Though…hmm. I think that the Enterprise relies on constant seawater cooling for the reactors, so maybe they can’t do that. Maybe the turret does make sense in the context of the helium balloons after all.
I imagine the conversation went like this
Turkey: how much doors your ship weigh?
Coked up admiral: how much should it weigh?
Turkey: well we can’t let ships over 15000t through
CUA: it’s 14,999t
Turkey: …
CUA: (wipes nose)
Turkey: well we can’t let ships over 15000t through
CUA: it’s 14,999t
Turkey: …
If Japan can do the “conforming displacement claim” thing on the Washington Naval Treaty…

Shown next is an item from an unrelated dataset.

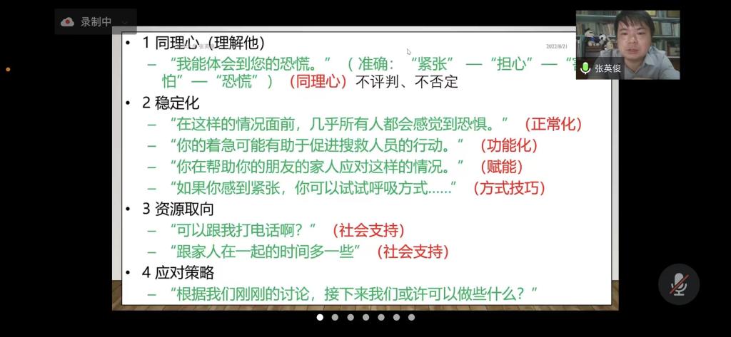 本次培训邀请北京师范大学心理学部心理健康教育与咨询中心张英俊老师就如何进行受灾地区员工的心理安抚和心理调适,为志愿者做了丰富而实用的讲解和指导。参与培训的志愿者受益匪浅,达到了预期的目的,为即将开展的大通县青山乡中心公司师生心理疏导打下了良好的基础。

It’s displacement, not weight, so theoretically they can convert it into a gigantic hydrofoil and get into the Black Sea with the whole hull out of water at almost supersonic speeds to support all that weight
Also your F-117s are rocket powered or some shit because those flames are coming from the one place that isn’t exhaust
I assume that that’s just the tailgunner firing his flamethrower.
Makes sense, given the context
I mean, in fairness, at least the Mig-29 and F-117 are contemporaries, and deployed by enemies. I’ve seen playsets that include (iirc) an F-16 and a B-17 dogfighting against one another.
While the F-16 has the stronger letter, the B-17 takes the lead on the number. It’s still anybody’s game.
I thought the F117a doesn’t have a2a capabilities. It acts like a hole in the sky, drops a couple of bombs and then the distant AWACS plane laughs maniacally.
a2a bombs, silly
you fly over them and drop your ordnance
https://www.sandboxx.us/news/how-an-f-15e-shot-down-an-iraqi-gunship-with-a-bomb/
The full story of how an F-15E scored its only air-to-air kill… with a bomb
Because they were moving so fast through the sky to close with the team in trouble, the unpowered bomb actually had a greater range than the Sidewinder missile. Bennett released the bomb 4 miles out from the Hind-24, with Bakke carefully keeping his laser sighted on the helicopter.
All you need is a steady hand and a laser designator!
https://en.wikipedia.org/wiki/Lockheed_F-117_Nighthawk
For this reason, it is equipped with integrated sophisticated digital navigation and attack systems, targeting being achieved via a thermal imaging infrared system and a laser rangefinder/laser designator.
It’s got the designator, so…
Ah, that makes sense. A laser-guided bomb is just a really lazy missile.
This is gold, thank you.
Sounds like a pretty normal day to me.